__Problem to solve__
Wherever a picture sits, omit it. Output the rest of the listing exactly.

__Provided records__
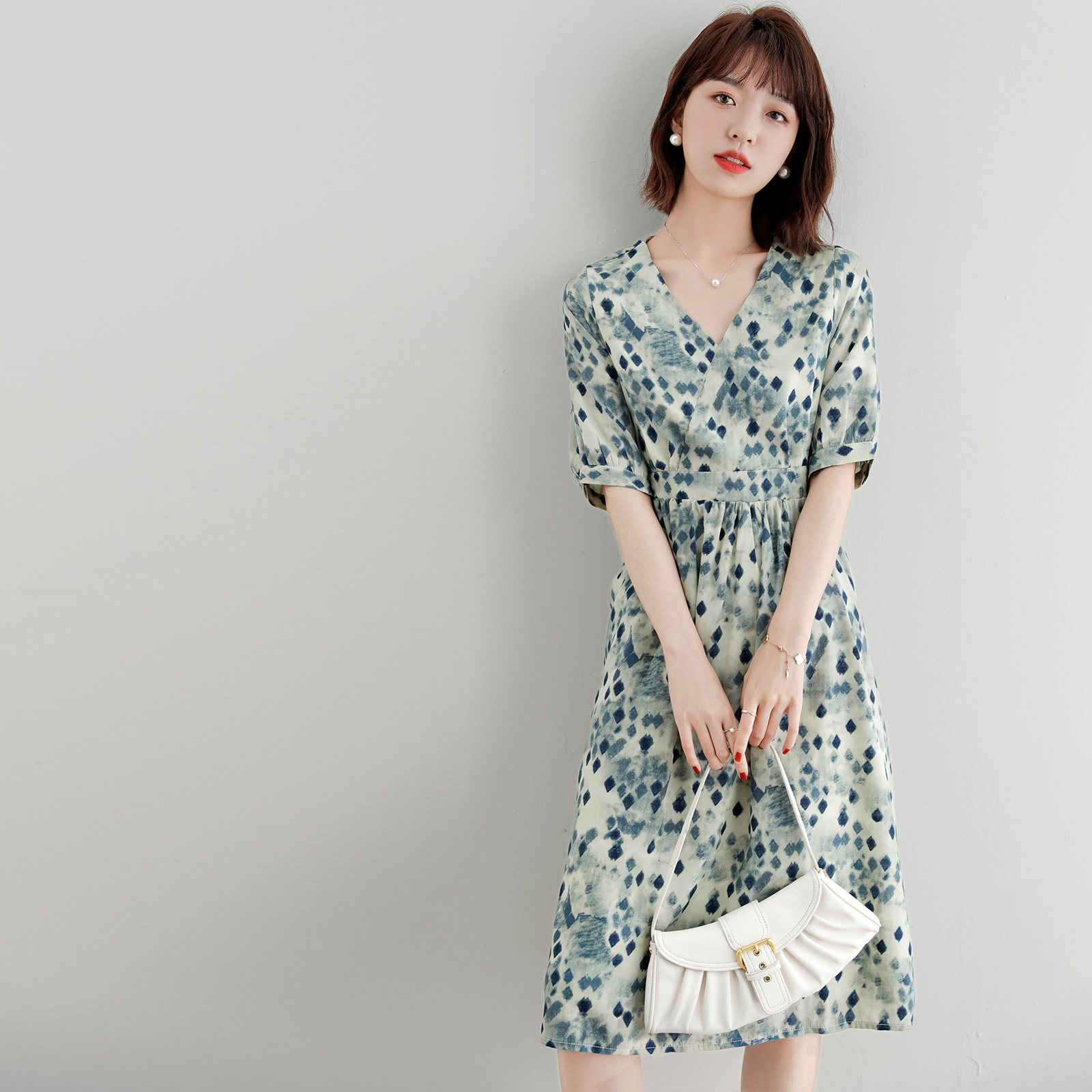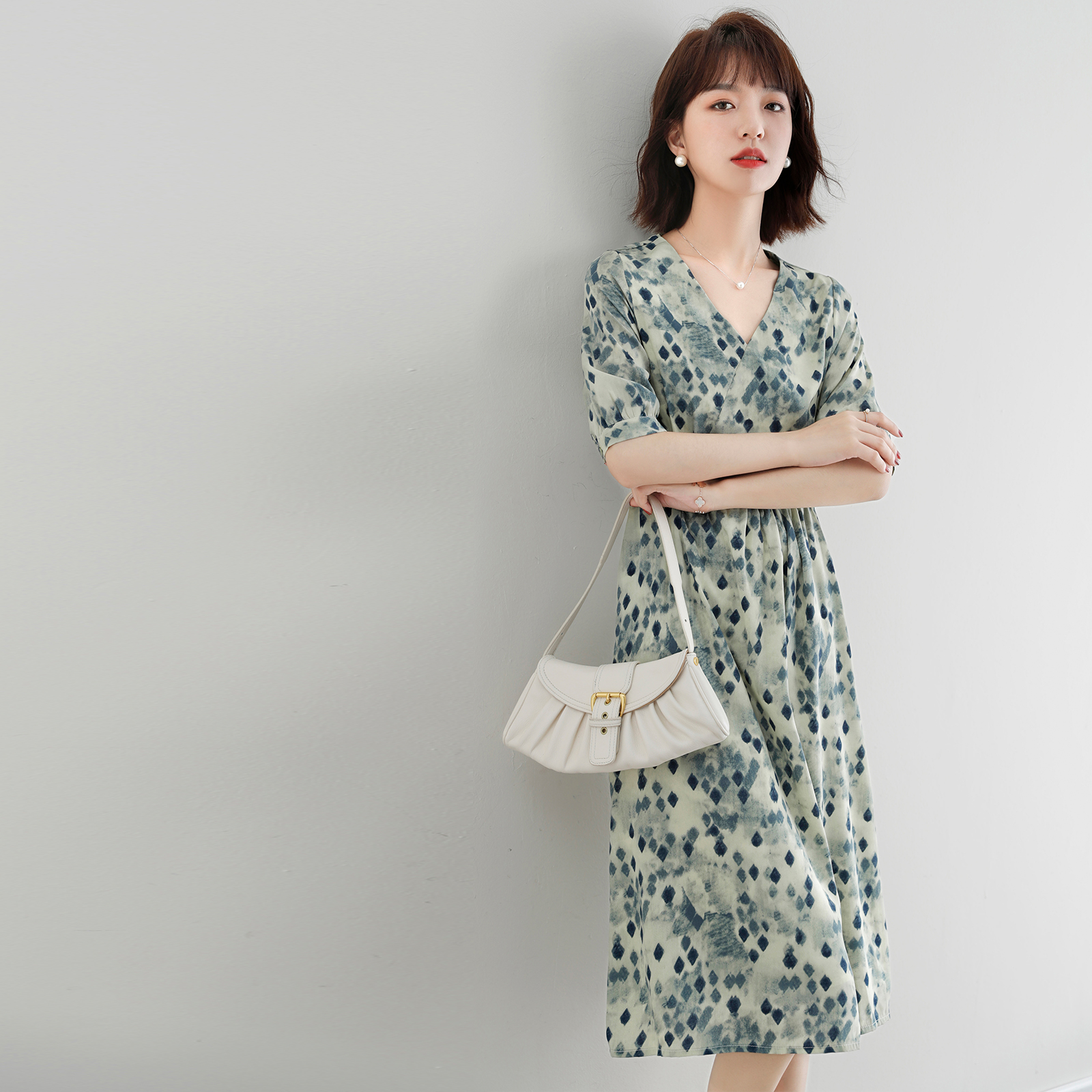 FENPERATE retro elegant ink painting print 2022 summer new temperament light and familiar wind chiffon skirt
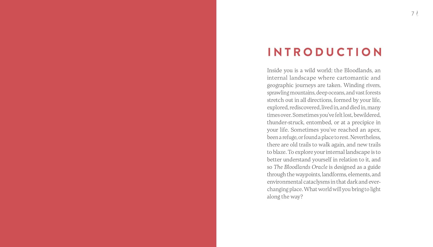 The Bloodlands Oracle invites readers through uncharted natural landscapes, where dark outer terrains await, prepared to spark inner wisdom. Inspired by the geography and elements of the natural world, readers immerse themselves in a transformative journey through the rivers, cliffs, and footpaths of nature, and discover the rich symbolism of the Earth’s many terrains. The Bloodlands Oracle beckons readers to embrace the wild landscapes of their soul, where they may find their deepest inner world reflected in wood, water, and stone.
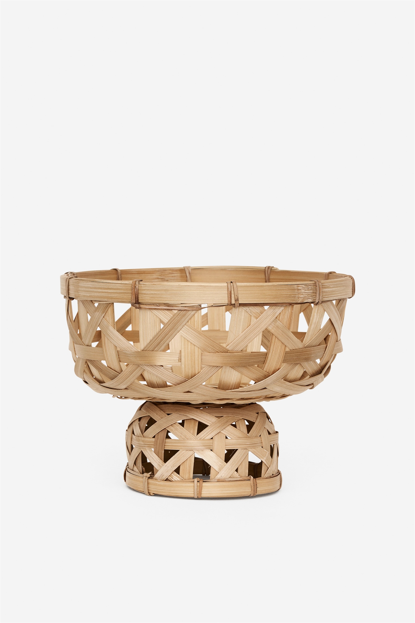 Корзина сплетена из широких бамбуковых прутьев. Идеально подходит для хранения фруктов. Диаметр 26,5 см, высота 17,5 см.
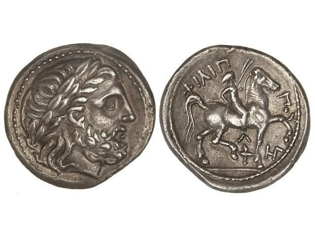 Tetradracma. 356-336 a.C. FILIPO II. ANFÍPOLIS. Anv.: Cabeza de Zeus laureado a derecha. Rev.: Jinete a derecha, debajo antorcha y detrás ¶y HE¶en monograma. 14,27 grs. AR. Bonita pátina. CY-1212 var. EBC.
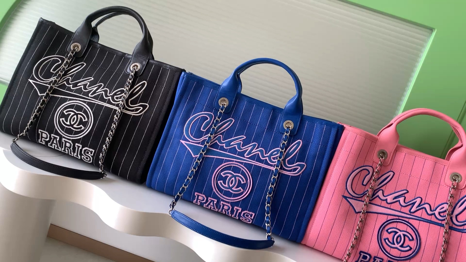 850 Chanel beach bag shopping bag is made of cotton, with a combination of calfskin and metal. It is a

__Answer space__
 FENPERATE retro elegant ink painting print 2022 summer new temperament light and familiar wind chiffon skirt
 The Bloodlands Oracle invites readers through uncharted natural landscapes, where dark outer terrains await, prepared to spark inner wisdom. Inspired by the geography and elements of the natural world, readers immerse themselves in a transformative journey through the rivers, cliffs, and footpaths of nature, and discover the rich symbolism of the Earth’s many terrains. The Bloodlands Oracle beckons readers to embrace the wild landscapes of their soul, where they may find their deepest inner world reflected in wood, water, and stone.
 Корзина сплетена из широких бамбуковых прутьев. Идеально подходит для хранения фруктов. Диаметр 26,5 см, высота 17,5 см.
 Tetradracma. 356-336 a.C. FILIPO II. ANFÍPOLIS. Anv.: Cabeza de Zeus laureado a derecha. Rev.: Jinete a derecha, debajo antorcha y detrás ¶y HE¶en monograma. 14,27 grs. AR. Bonita pátina. CY-1212 var. EBC.
 850 Chanel beach bag shopping bag is made of cotton, with a combination of calfskin and metal. It is a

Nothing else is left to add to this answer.